**Exercise directions**
Restate, word for word and with no pictures, the stretch of lines in the data below that begins at the line with "L’inspiration marine se" and ends at the line with "이후 다시 △ABC에", inclusive.

**Extracted entries**
—————

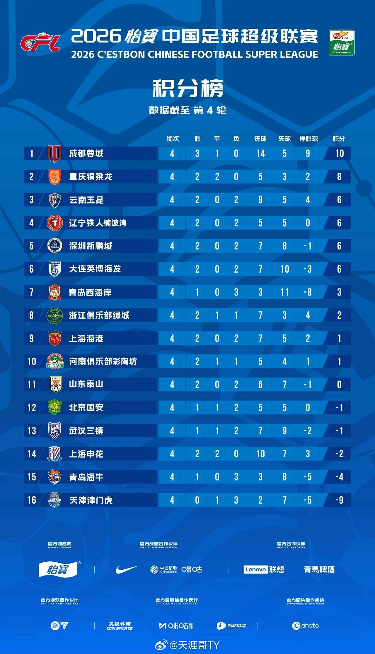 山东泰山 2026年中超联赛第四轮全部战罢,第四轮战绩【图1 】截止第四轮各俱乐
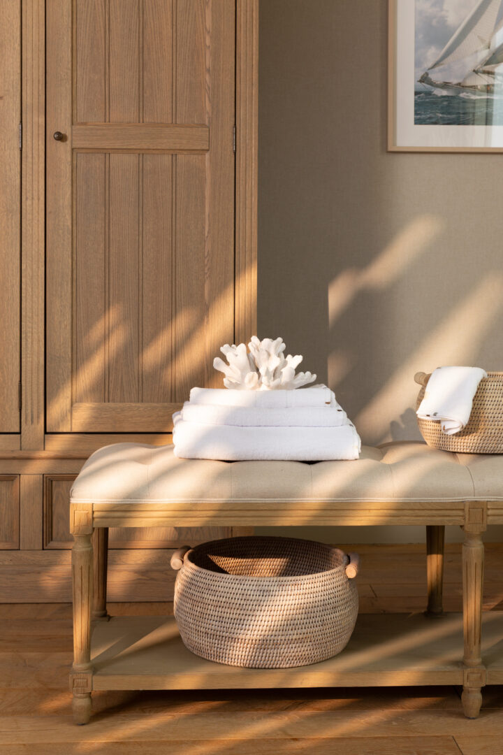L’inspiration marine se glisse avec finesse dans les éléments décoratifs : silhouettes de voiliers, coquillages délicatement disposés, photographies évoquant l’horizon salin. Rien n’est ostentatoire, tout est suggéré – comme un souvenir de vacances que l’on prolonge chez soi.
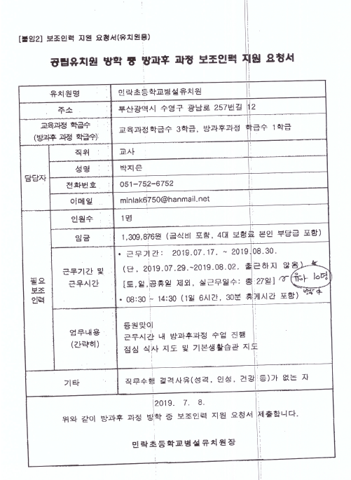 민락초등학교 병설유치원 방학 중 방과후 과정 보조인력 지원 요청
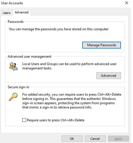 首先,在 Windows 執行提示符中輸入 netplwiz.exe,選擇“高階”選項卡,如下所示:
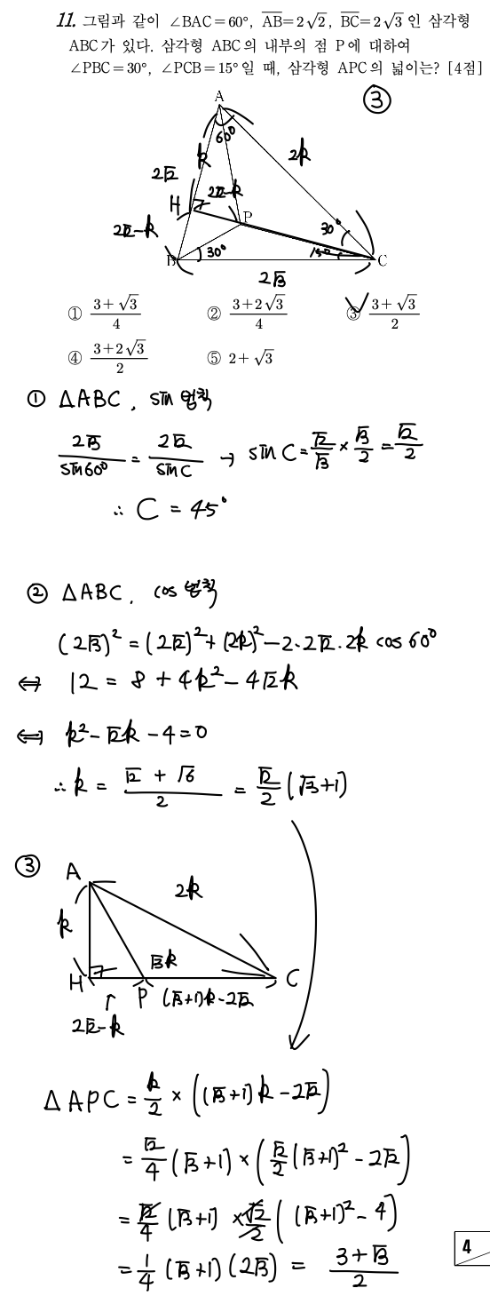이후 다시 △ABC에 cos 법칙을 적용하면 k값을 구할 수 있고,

—————

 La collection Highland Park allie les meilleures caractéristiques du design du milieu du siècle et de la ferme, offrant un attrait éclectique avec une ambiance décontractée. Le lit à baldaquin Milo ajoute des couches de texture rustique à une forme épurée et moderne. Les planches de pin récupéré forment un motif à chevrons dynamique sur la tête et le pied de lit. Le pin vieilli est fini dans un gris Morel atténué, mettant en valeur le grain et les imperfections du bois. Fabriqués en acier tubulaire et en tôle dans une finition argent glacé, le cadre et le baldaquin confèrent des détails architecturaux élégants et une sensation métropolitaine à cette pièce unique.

—————

**Your response**
L’inspiration marine se glisse avec finesse dans les éléments décoratifs : silhouettes de voiliers, coquillages délicatement disposés, photographies évoquant l’horizon salin. Rien n’est ostentatoire, tout est suggéré – comme un souvenir de vacances que l’on prolonge chez soi.
 민락초등학교 병설유치원 방학 중 방과후 과정 보조인력 지원 요청
 首先,在 Windows 執行提示符中輸入 netplwiz.exe,選擇“高階”選項卡,如下所示:
이후 다시 △ABC에 cos 법칙을 적용하면 k값을 구할 수 있고,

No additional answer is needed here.